You can use the mailq command sendmail -bp command to display a summary of the mail messages queued for future delivery. Type the following command:
# mailq
via Sendmail: Clear / Delete / Flush Mail Queue.
A service in a local server started to send email through my main server back to the originating server causing many errors in /var/log/maillog of my main server. Each attempt added a message to its message queue that was blocked due to a problem with sendmail on the originating server. The email being sent was sent automatically by a VOIP service I was testing on that originating server (not good).
You can cd to /var/spool/mqueue and delete all files if you want to get rid of all messages in the queue:
# cd /var/spool/mqueue/
# ls
# rm *
The above sequence cleared the queue so sendmail stopped trying to send those messages to a broken server at the destination.
Sendmail Problem on Originating Server
Sendmail wouldn’t start. OS Fedora 19 so it’s running that new systemd for service startup. Here are pertinent error messages in /var/log/messages:
Nov 17 21:23:39 ana systemd[1]: Starting Sendmail Mail Transport Agent...
Nov 17 21:23:39 ana sendmail[1555]: -bd is not supported by sSMTP
Nov 17 21:23:39 ana systemd[1]: PID file /run/sendmail.pid not readable (yet?) after start.

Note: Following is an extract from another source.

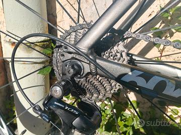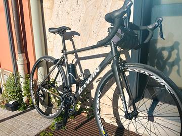 Vendo bici da corsa Triban 540 taglia M. Telaio in alluminio forcella in carbonio. La bici è predisposta per montare il portapacchi anteriore e posteriore ed è quindi adatta anche al cicloturismo. La bici può ospitare copertoni fino alla misura 35. Monta ruote Mavik Askium non di serie (molto più leggere e performanti di quelle di serie). Trasmissione Shimano 105. Poche settimane fa ho montato pacco pignoni 11-34 e catena nuova. È stata usata davvero poco in considerazione del fatto che principalmente vado in mtb. Vendo per passaggio a gravel. Non spedisco.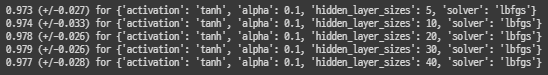 parameters={'alpha':[1e-3,1e-1,1e1],'hidden_layer_sizes':[(5),(30),(60)],'activation':['tanh','relu'],'solver':['adam','lbfgs']}

Nov 17 21:23:39 ana systemd[1]: Failed to start Sendmail Mail Transport Agent.
Nov 17 21:23:39 ana systemd[1]: Dependency failed for Sendmail Mail Transport Client.
Nov 17 21:23:39 ana systemd[1]: Unit sendmail.service entered failed state.
I did a lot of googling to find someone in a similar situation to no avail. I then looked into sSMTP and why that was being called instead of good old sendmail. After
#yum erase sSMTP
thus purging that service entirely from the system, sendmail starts in this Fedora 19 VM and works (knock on wood).